McDermott geht den Weg des Wachstums in der Cloud unbeirrt weiter. Zuletzt wuchs der Konzern vor allem dank der Nachfrage hier stark - das soll sich nach der Planung fortsetzen. Der Auftragseingang habe im Gesamtjahr 2018 erstmals 10 Milliarden Euro übertroffen, sagte Mucic. "Durch diese ausgezeichnete Geschäftsentwicklung sind wir bestens für weiterhin starkes profitables Wachstum im Jahr 2019 und darüber hinaus aufgestellt."
Angetrieben wird SAP dabei auch von den beiden milliardenschweren Übernahmen der Firmen Callidus und Qualtrics im vergangenen Jahr.
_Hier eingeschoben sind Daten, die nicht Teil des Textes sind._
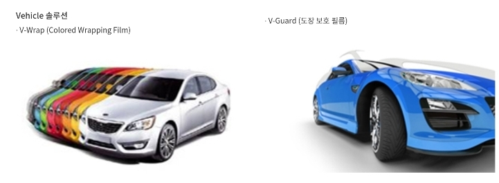 점차 전기차로 전환을 하면서 그동안 가솔린, 디젤로는 엄두를 못냈던 여러 디스플레이를 장착하여 영화를 보거나 작업을 하는 것이 점차 가능해지고 있어요. 그러다 보니, 자동차내부 인테리어의 수요도 점차 증가하고 있죠. 특히, 전기차의 무게가 내연기관차보다 250kg정도 무겁다 보니 경량화의 중요성이 커지고 있는데요. 자동차 내부에 들어가는 실내 인테리어소재들도 경량화가 되어야겠죠. 뿐만 아니라 자동차외관의 도장이나 색 관련한 필름도 제조 및 판매를 하고 있습니다.

Zukäufe in dieser Grössenordnung plant SAP nach den Worten von Chef McDermott in den nächsten ein bis zwei Jahren erst einmal nicht mehr, zunächst sollen Schulden abgebaut werden.

SAP vs Salesforce

Mit den Übernahmen wildert SAP vor allem im Bereich mit Software für den Vertrieb von Unternehmen (CRM) - eine Domäne des US-Konkurrenten Salesforce. "Wir sind sehr entschlossen, den Markt mit CRM-Software aufzumischen", sagte McDermott im Gespräch mit den Nachrichtenagenturen dpa und dpa-AFX.
Der Amerikaner sieht auch angesichts der aufziehenden Konjunktursorgen rund um einen möglicherweise ungeordneten Brexit oder eine Schwäche in China eher keine grossen Schwierigkeiten für das Unternehmen. "Kein Unternehmen ist vollkommen immun gegen einen Weltwirtschaftsabschwung. Aber SAP ist widerstandsfähiger als andere." Ausserdem setze er weiter grosse Stücke auf China als Markt.
Bis 2023 will der Konzern den Umsatz mit der Cloud verdreifachen, schon 2019 soll das Geschäft währungsbereinigt mit bis zu 39 Prozent stärker wachsen - mehr als Analysten es SAP zugetraut hatten. Der wertvollste deutsche Konzern will in diesem Jahr dann auch seine Profitabilität steigern, das operative Ergebnis soll mit 7,5 bis 11,5 Prozent währungsbereinigt schneller wachsen als der Gesamtumsatz. Für 2020 planen die Walldorfer auch dank der Zukäufe nun ebenfalls mehr Geschäft ein.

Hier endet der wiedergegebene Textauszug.